Making an asynchronous call in ASP.NET on synchronous pages

If you need to make an asynchronous method call from an ASP.NET page the usual technique is to use asynchronous pages to allow lengthy operations to execute without holding up the currently executing thread.

However, there are scenarios where it will not be possible to implement an asynchronous page. This affected me most recently when I had a large data store sitting in the ASP.NET cache that was being refreshed from an incredibly slow web service call. If the data drops out of the cache then it needs to be refreshed, yet this could happen on any page in the application. Added to this was the fact that this was a CMS integration project where I did not have control over any of the pages in the administration interface for the CMS.

So, asynchronous pages were out.

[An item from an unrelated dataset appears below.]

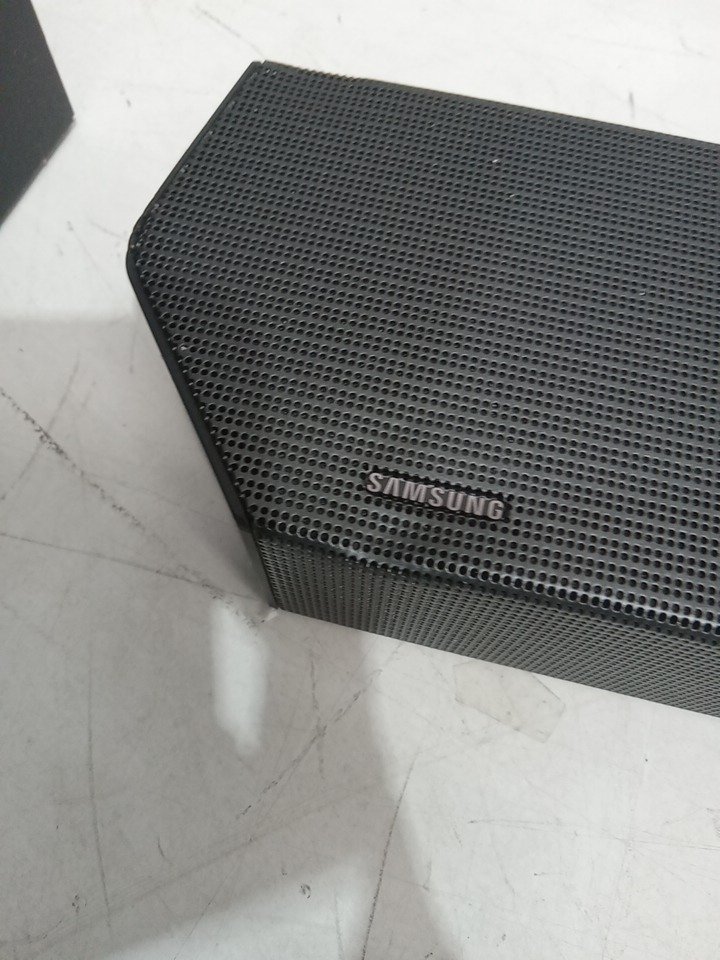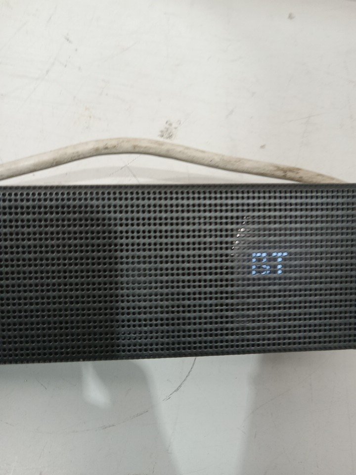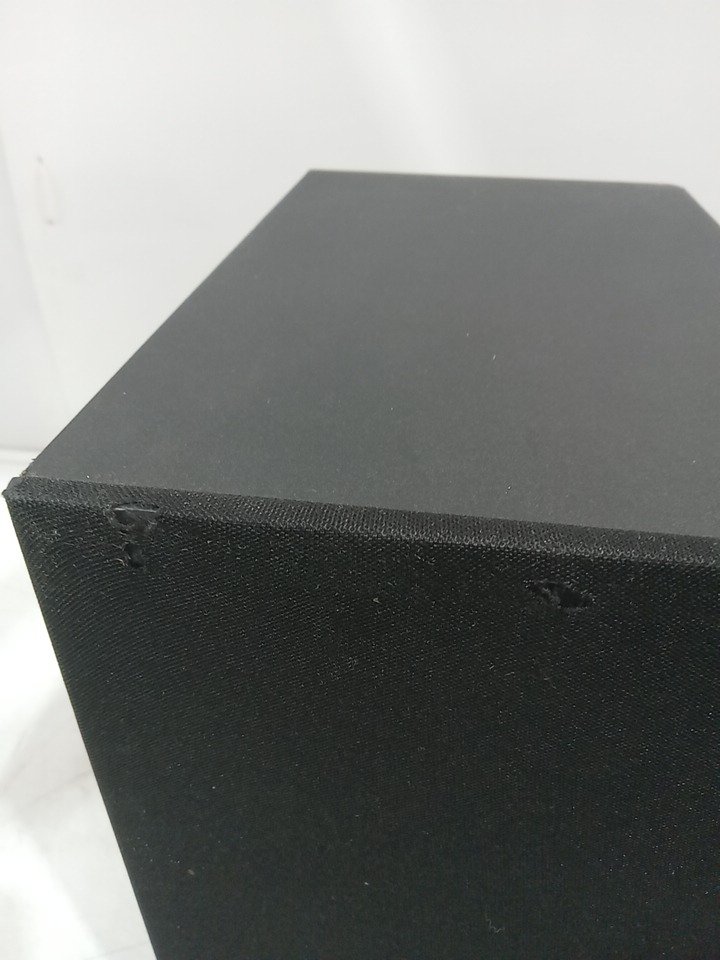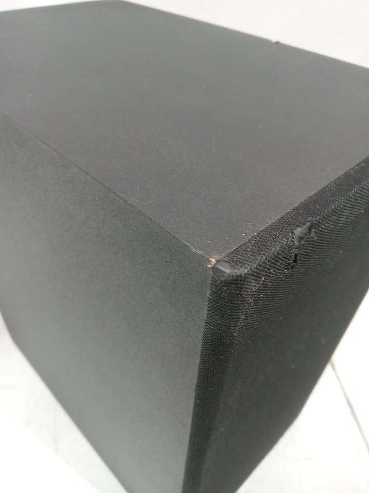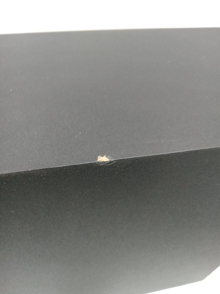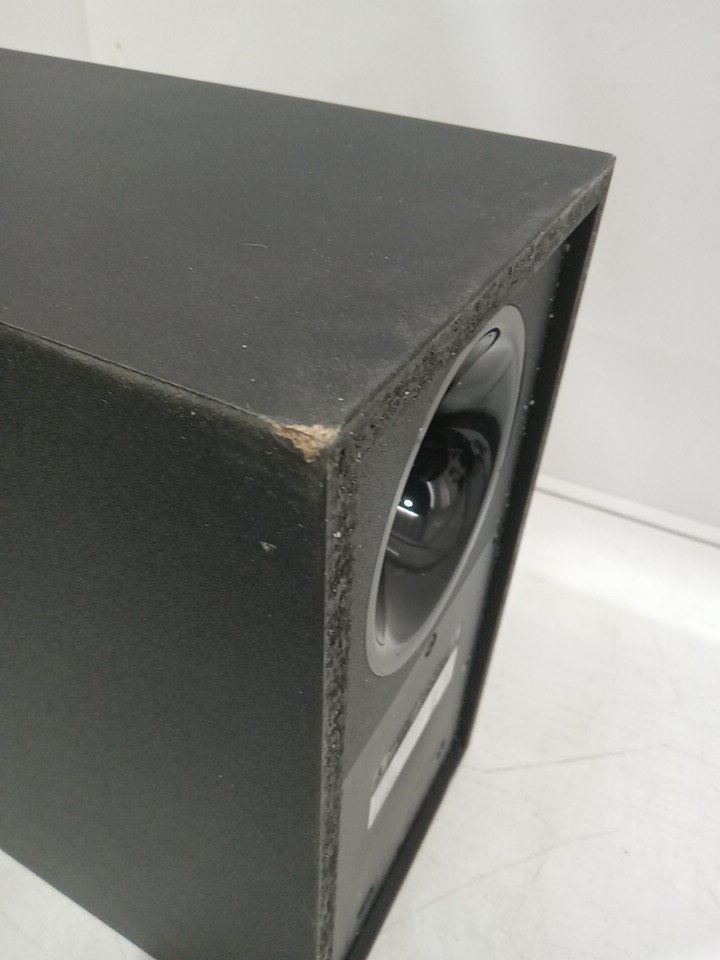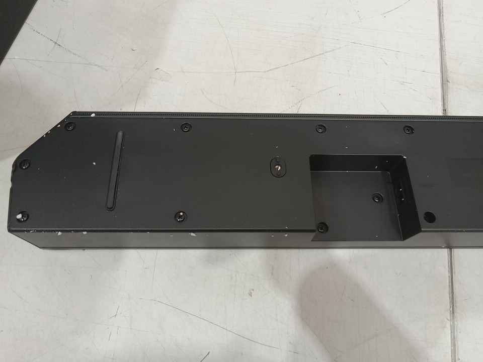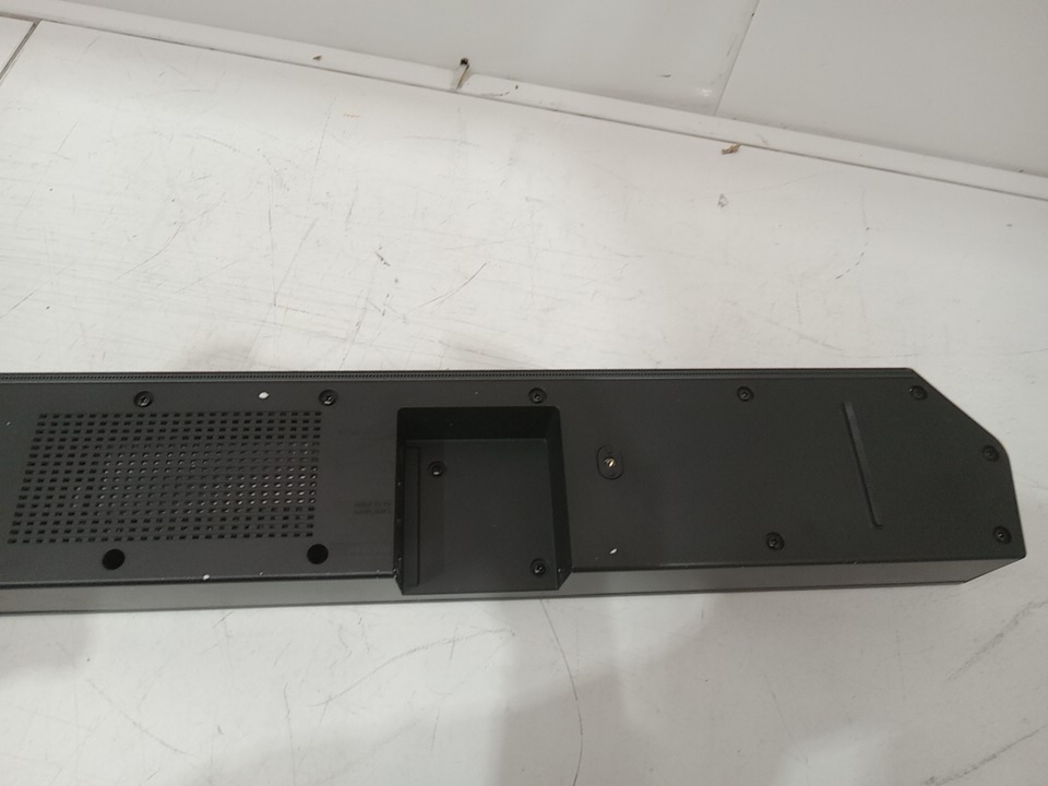 There are dents on the soundbar near the logo and on the top, as well as scratch marks on the base. The mesh on the top has cuts, and there are additional dents on the top left corner, the top right middle area, and a dent/chip on the top back right corner. However, there is no issue with the sound quality. Tested for power and functionality. (Please see photos)

One strategy is, of course, to change the way you store and refresh the data store in the cache through a local caching mechanism of last resort. However, it would be preferable to find a way of sending off an asynchronous refresh request if at all possible.

The code below shows how it’s done. The helper class below implements a "fire and forget" asynchronous call by taking a thread from the thread pool and firing it at a delegate.

public class AsynchronousCallHelper
{
    class TargetInformation
    {
        internal TargetInformation(Delegate dgte, object[] args)
        {
            Target = dgte;
            Args = args;
        }
        internal readonly Delegate Target;
        internal readonly object[] Args;
    }

    private static WaitCallback dynamicInvoker = new WaitCallback(DynamicInvoker);

    public static void FireAndForget(Delegate dgte, params object[] args)
    {
        ThreadPool.QueueUserWorkItem(dynamicInvoker, new TargetInformation(dgte, args));
    }

    static void DynamicInvoker(object obj)
    {
        try
        {
            TargetInformation target = (TargetInformation)obj;
            target.Target.DynamicInvoke(target.Args);
        }
        catch (Exception ex)
        {
            //* We have to resort to using Trace here as it is thread-safe
            System.Diagnostics.Trace.WriteLine(ex.ToString());
        }
    }
}

To implement the class, declare a delegate for the method that you want to call asynchronously and use the helper class to fire off a thread on it. The code sample below shows how this can be done on an ASP.NET page. The method MyMethod is called on a new thread while the page continues to execute and returns a response to the browser.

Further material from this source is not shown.